Auch Autofahrer ohne Freisprecheinrichtung – in Stuttgart trotz hoher Sternendichte weit verbreitet – könnten der Uhr etwas abgewinnen. In Zeiten der Kommunikation per WhatsApp oder Twitter ist es manchmal ganz praktisch, kurz und schnell antworten zu können. Ins Handy tippen beim Autofahren ist nicht nur gefährlich, sondern kann auch teuer werden. Dank der inzwischen ebenfalls erfolgten Einbindung der Watch in die Kurznachricht-Anwendungen genügt jetzt ein kurzer Blick auf die Uhr, wenn sie vibriert. Und wer schnell antworten will, kann das problemlos tun, indem er mit der Uhr spricht. Die Antwort sollte nicht die ausführliche Schilderung der jüngsten Erlebnisse am Arbeitsplatz oder des vorigen Abends sein. Aber ein „Ich bin unterwegs“ oder „Bin in zehn Minuten da“ klappt problemlos und unkompliziert.
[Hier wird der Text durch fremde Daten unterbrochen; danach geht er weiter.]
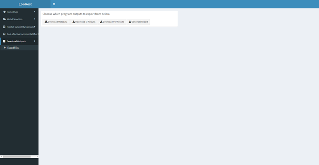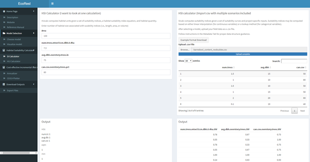 The ecorest webapp combines HSI and CEICA capabilities, package in ecorest, under a single graphical user interface. Users can access ecosrest data and functions without the need to use the R programming language. Below are the instructions on how to conduct HSI and CEICA using the ecorest webapp.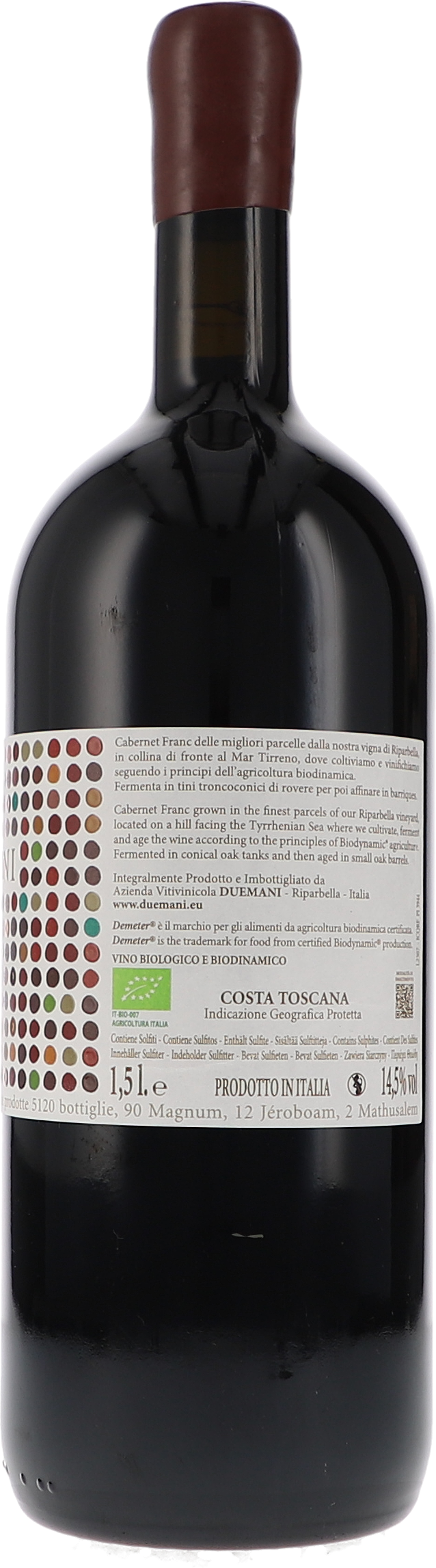 Cabernet Franc aus den besten Parzellen des Riparbella Weinberges, der zum Thyrenischen Meer ausgerichtet ist. Ausgebaut nach biodynamischen Richtlinien in konischen Holzfässern, anschließend gereift in Barriques. Gefüllt ohne Klärung und Filtration.

Das Fazit nach fast einem halben Jahr mit Smartwatch: wer sein Smartphone ohnehin ständig im Anschlag hat, kann sich das Geld sparen. Wer es aber lieber öfter stecken lassen will, ist mit so einer Uhr einen Schritt weiter. Und die Momente, in denen sie richtig Spaß macht, haben mit jedem Update zugenommen. Tipp: auch diese Uhr hat wie jedes andere technische Spielzeug einen Aus-Knopf!